Judge Wilkinson focuses on four “cosmic” constitutional theories, each anchored in the writings of its major advocates. In a chapter called “Living Constitutionalism,” he discusses the late Justice William Brennan’s belief in aggressively expanding constitutional protections to achieve liberal political reform, ranging from racial integration to expanded rights for criminal defendants and prisoners. The “Originalism” chapter deals with Judge Robert Bork’s and Justice Antonin Scalia’s calls on judges to interpret the Constitution according to the Framers’ intent. In “Political Process Theory,” Judge Wilkinson discusses the late legal scholar John Hart Ely, who urged judges to promote well-functioning and equitable democratic processes, preventing majorities from oppressing minorities. The chapter called “Pragmatism” gives us Judge Richard Posner, who argues against abiding by ideological theories and recommends that courts maximize the overall public good instead.
For all the theories’ differences, Judge Wilkinson finds each undermined by the same root flaw—not a lack of theoretical detail or elegance but a lack of real constraint on judicial power. Accordingly, they are “nothing less than competing schools of liberal and judicial activism, schools that have little in common other than a desire to seek theoretical cover for prescribed and often partisan results.” The ultimate victim, he says, is “democracy itself, which theory has emboldened judges to displace.”
Adam’s reaction was similar to mine–Posner’s refusal to adopt a theory is a theory in of it itself.
But after criticizing originalism and the other “cosmic” theories, Judge Wilkinson, in a brisk epilogue, admits that he cannot offer a comprehensive alternative. “The answer is I have no theory,” only “a set of worn and ordinary observations that have been voiced many times before”—namely, a general tradition of judicial “self-restraint” that favors federalism and only rarely imposes constitutional rights to overturn the results of democratic self-rule.
Yet it is hard to see how such a generalized policy survives Judge Wilkinson’s own strict scrutiny. His approach seems to differ little in practice from Mr. Posner’s pragmatism, opening Judge Wilkinson to the same criticism that he levies at Mr.
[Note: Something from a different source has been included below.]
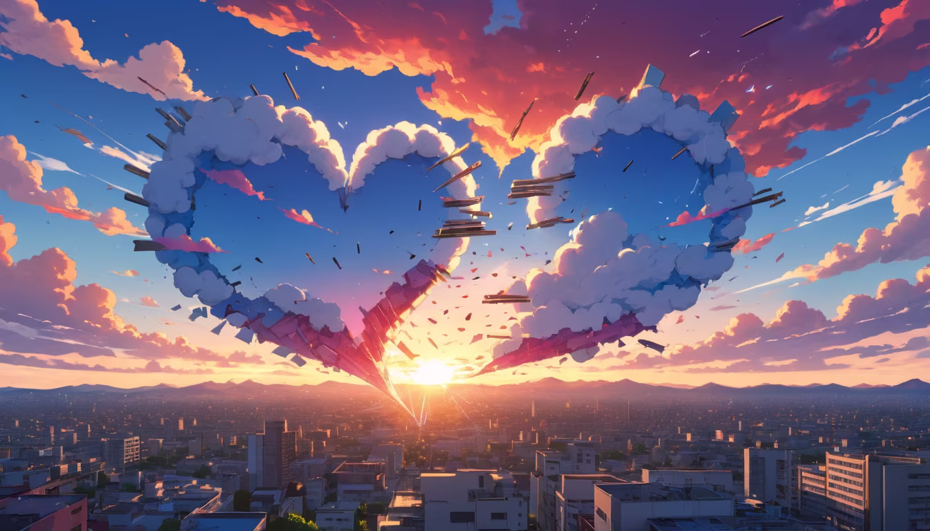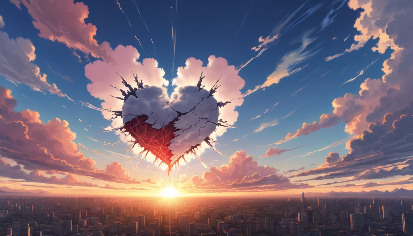 Prompt: A heart-shaped cloud, split and broken, appears in the sky as the sun sets, symbolizing the impending separation of two people.
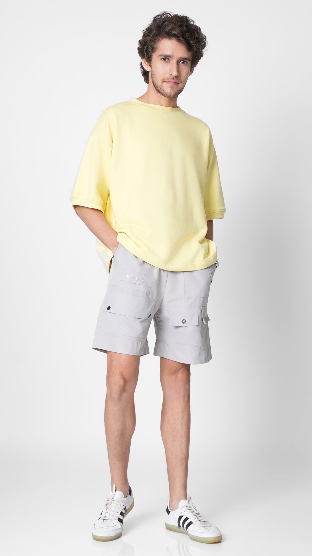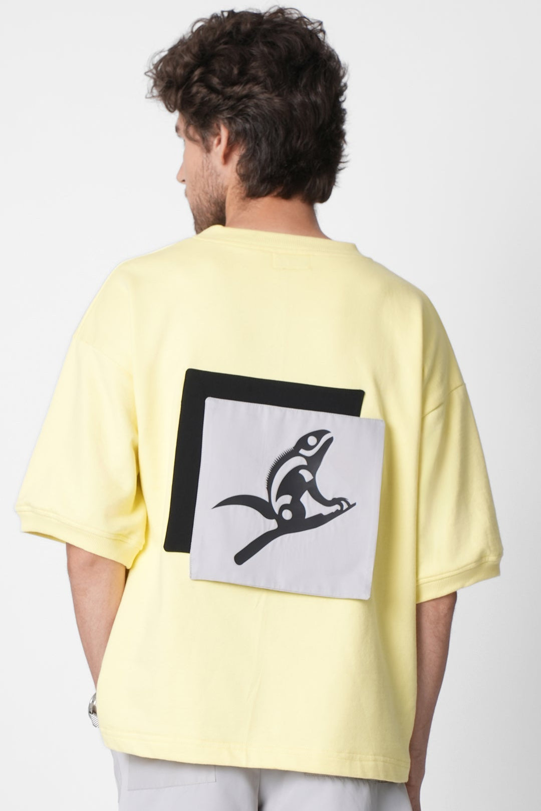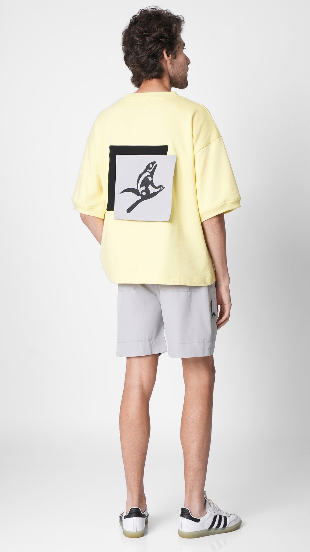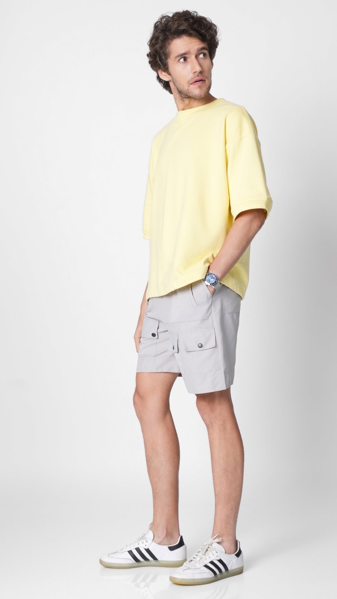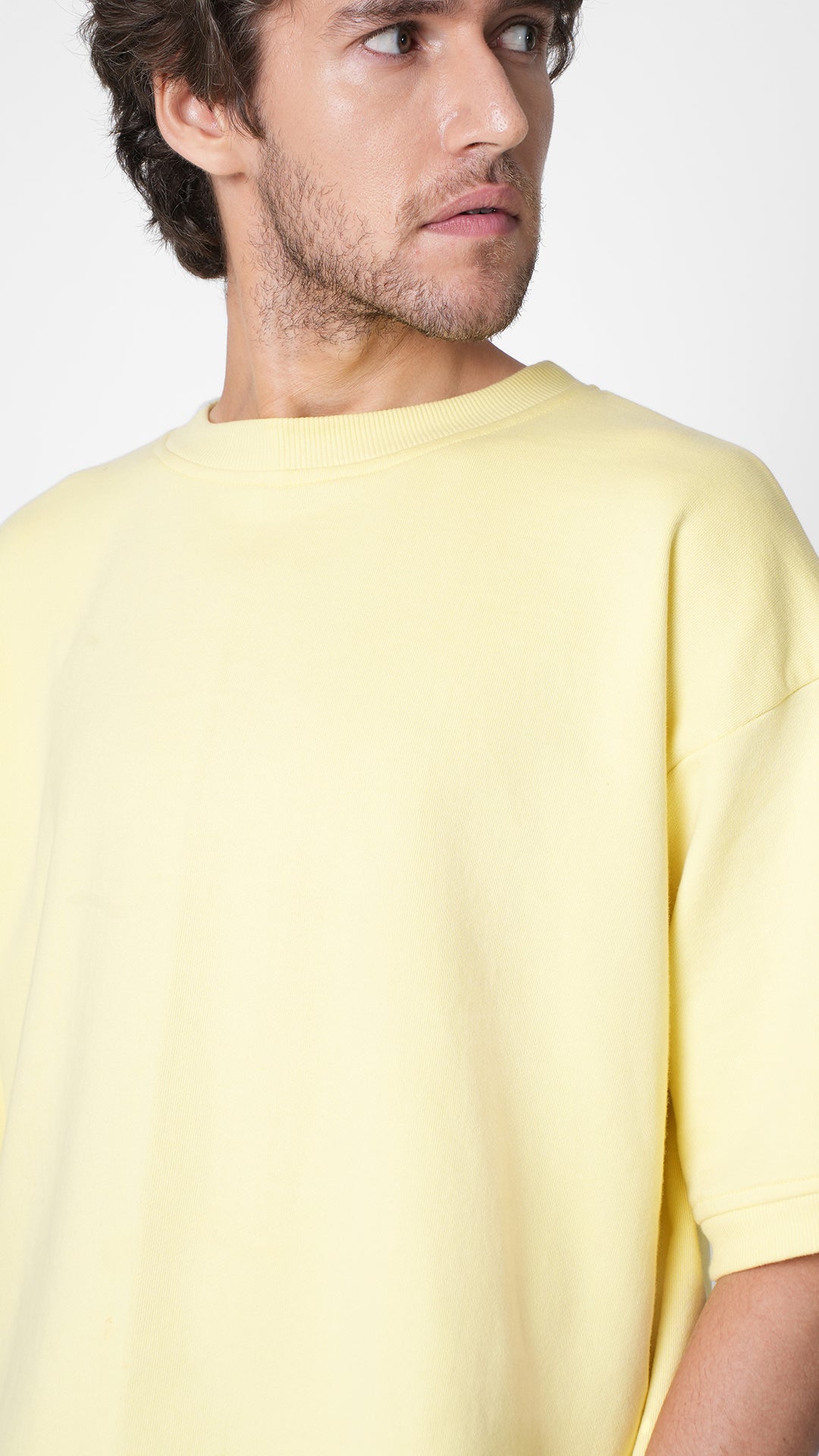 - 400 GSM light yellow tee finished with 1i5rib on sleeve hem and neck

Posner: “There are just too many questions, and they are all too difficult, for the approach to result in anything other than judicial guesswork.” Still, Judge Wilkinson’s criticism will serve an invaluable role in the current era of constitutional debate if “Cosmic Constitutional Theory” prompts ideologues of every stripe to examine their own thinking before going on the attack.
Totally unrelated, but Adam has a knack for writing about all the things I find interesting, so I pay attention to his work carefully. We met several years at a FedSoc lunch in DC by chance (I think it was something at Tony Cheng’s), and have stayed in touch. He is someone to keep an eye on.